DATA FOR THE TASK:
□ □ □ □

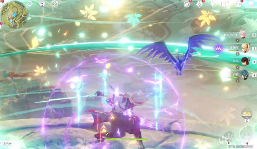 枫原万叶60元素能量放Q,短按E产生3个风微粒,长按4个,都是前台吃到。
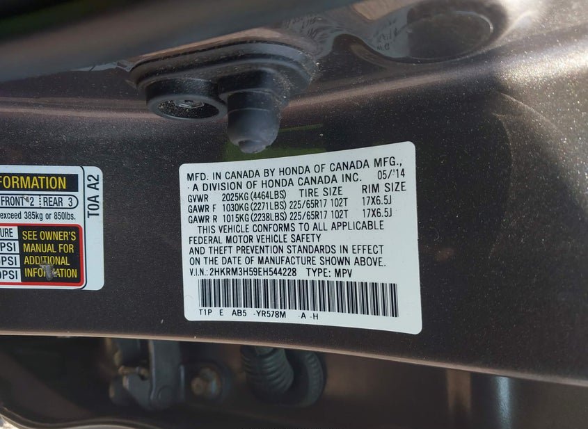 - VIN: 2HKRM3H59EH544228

□ □ □ □

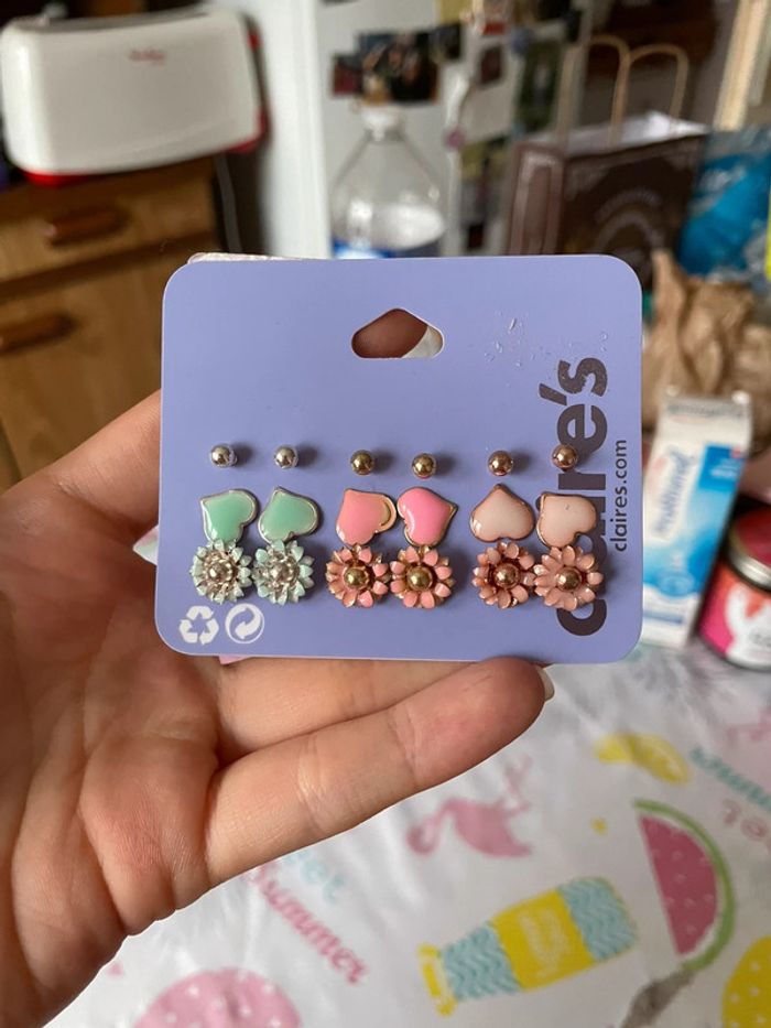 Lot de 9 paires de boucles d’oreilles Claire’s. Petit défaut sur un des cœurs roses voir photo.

□ □ □ □

TASK BRIEF:
Copy out the listing above from the line containing "枫原万叶60元素能量放Q,短按E产生3个风微粒,长按4个,都是前台吃到。" to the line containing "- VIN: 2HKRM3H59EH544228", both included, exactly as written and minus the images.

SOLUTION:
 枫原万叶60元素能量放Q,短按E产生3个风微粒,长按4个,都是前台吃到。
 - VIN: 2HKRM3H59EH544228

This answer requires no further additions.